Угловая улица
Я любила этот дом, как человека.
Сколько потом я видела разных домов и квартир, в каких только не гостила и не жила: в богатых и бедных, городских и деревенских, в Новом Свете и в Старом. Иногда при первом пробуждении мне кажется, что я проснулась в белой комнате в Арле, в бывшем монастыре – или в архангельской избе – или в одной из немецких гостиниц. И вещи из сновидения, и их расстановка исчезают не сразу; ты еще как будто готов двигаться среди них – но вдруг поворачивают какое-то колесо. Всё поднимается с мест, улетает по широкой спирали – а то, что «на самом деле», встает на свои места. Ага, понятно: потолок не так высоко, как я подумала, а вот там мое окно, вот моя полка с книгами… мы тут.
Да, иногда эти дома приходят без приглашения. А иногда мне самой хочется их вспомнить и снова разглядеть то, к чему я успела привязаться. Как во время отлива: волна ушла, а что-то на берегу, на песке пестреет, блестит. Карниз, угол шкафа, дверная ручка… Волна еще придет и всё это унесет в свою вздыхающую глубину.
Но на самом деле я люблю один дом, которого давно уже нет на свете. Дом моей бабушки на улице Угловой. Вот этот дом я люблю, как человека. Другие жилища своего человека мне не показали.

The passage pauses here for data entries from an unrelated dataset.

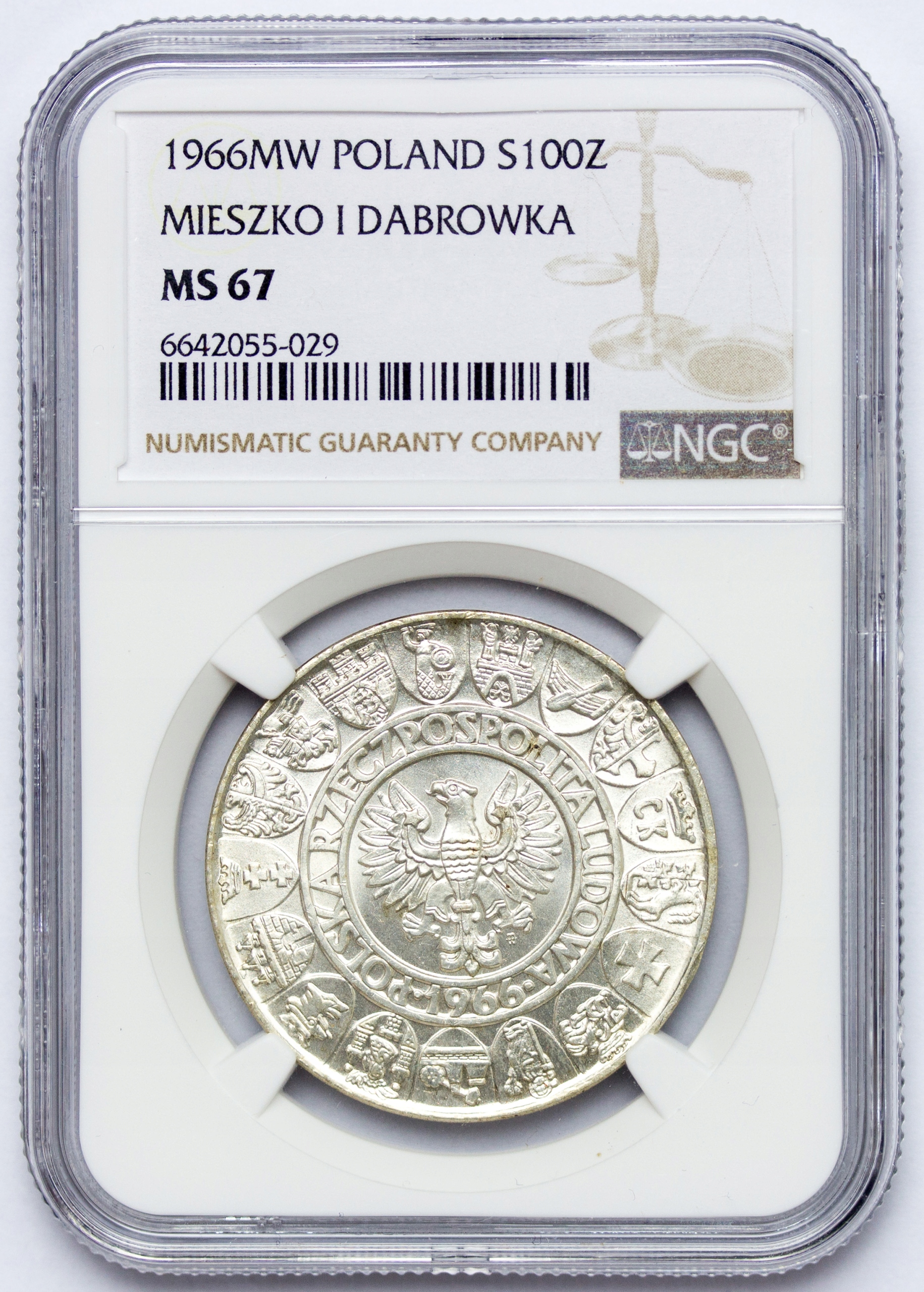 Польща, PRL, 100 злотих 1966, Мєшко та Домбрувка, NGC MS67, КРАСИВИЙ
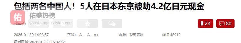 参考文章根据观察者网报道,2026年1月30日,五名嫌疑人在日本东京发动抢劫案,涉及总金额达4.2亿日元现金,其中包括两名中国人员。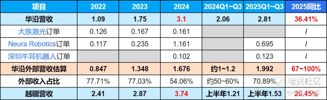 其实华沿的增长还是很强的,我剔除掉五大客户里大族系列的订单(大族激光、德国牛耳、深圳牛耳)后,整体还是持续增长的状态,25年同比36.4%,外部估算的话同比能超60%。

В моем детстве это была еще не Москва, а подмосковная слобода, Перово Поле. Там кончалась трамвайная линия, идущая с Таганки. Конечная остановка называлась – кольцо. Трамвайное кольцо. Там, на кольце уже меня ждали бабушка или тетя и везли на санках зимой, а летом вели за руку. Еще километр – до Угловой улицы, до забора, до калитки, потом по дорожке – до света под окном деревянного дома. Особенно хорош этот полукруг света зимой, на высоком сугробе. А между двумя стеклами в окне на вате разложены рябиновые грозди, еловые шишки, какие-то бусины, мох. И смотрят изнутри (если окно не заледенело и можно увидеть, что в нем) оранжевые герани с подоконника. Здесь начинается счастье. Приходящие обычно стучали в окно.
Мы входим сначала в сени, где темно и ледяная вода в ведрах с ковшами на лавках. А дальше, за другой дверью, обитой рогожей, – драгоценное тепло и живой свет и запахи. Как запах бабушкиного лица, умытого душистом мылом. И скоро уже пора спать, в широкую и высокую кровать с кружевным подзором, под красное сатиновое одеяло, которое я считала Красным морем. Глаза уже слипаются, и чай с блюдца лень допивать. В море сна, в его волны, волны, волны… на самое дно. Наверное, меня всегда привозили туда вечером.
Мне нравилось и то, что я в этом доме гостья. Обычный родительский дом, в Москве на Таганке, я совсем не любила. Моим был этот: не мой, бабушкин, бабушкидашин. Дарьсемённин. В трамвае я уверяла попутчиков, что последняя остановка называется Дарьсемённа. Они смеялись и не спорили. И то, что я в этом доме не навсегда – только взрослые знают, на сколько дней, а я и не спрашиваю – делало его еще краше.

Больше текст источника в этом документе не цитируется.